RECORDED INFORMATION
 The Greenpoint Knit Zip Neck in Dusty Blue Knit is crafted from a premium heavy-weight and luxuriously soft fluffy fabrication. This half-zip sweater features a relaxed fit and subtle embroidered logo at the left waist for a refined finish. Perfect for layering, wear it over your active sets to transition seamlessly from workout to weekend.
...
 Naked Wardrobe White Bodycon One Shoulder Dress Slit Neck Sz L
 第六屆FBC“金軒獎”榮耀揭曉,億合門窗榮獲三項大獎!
==
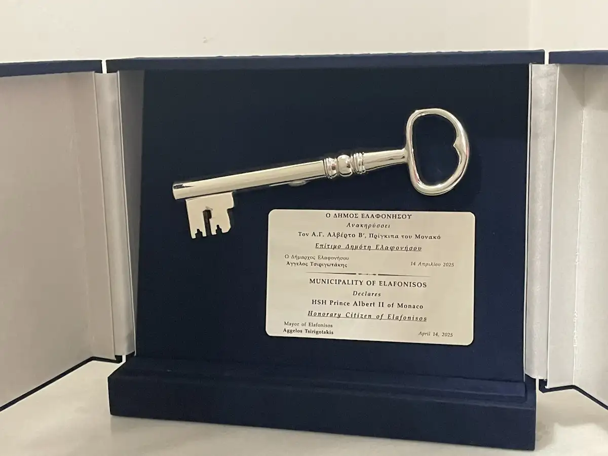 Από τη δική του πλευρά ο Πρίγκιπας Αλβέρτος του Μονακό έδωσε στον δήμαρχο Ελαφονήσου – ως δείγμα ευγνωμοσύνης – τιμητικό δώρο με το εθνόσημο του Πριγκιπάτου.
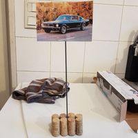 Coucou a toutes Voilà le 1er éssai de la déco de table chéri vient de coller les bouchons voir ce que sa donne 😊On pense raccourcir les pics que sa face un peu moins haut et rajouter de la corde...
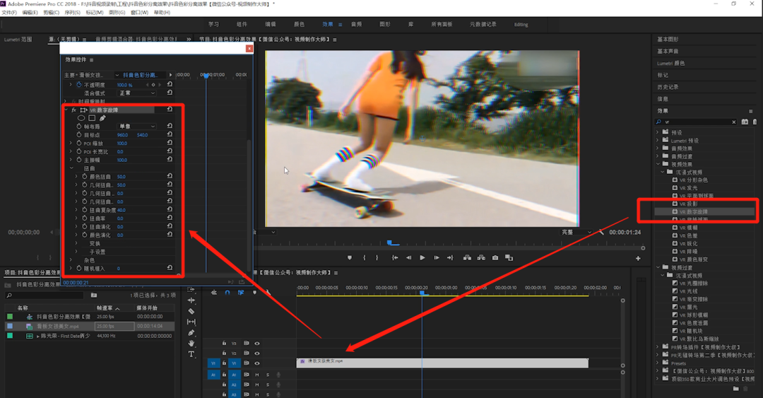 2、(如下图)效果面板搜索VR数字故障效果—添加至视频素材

EXERCISE BRIEF
State how many lines in the listing contain the word "Neck", and write nothing besides that number.

EXERCISE RESPONSE
2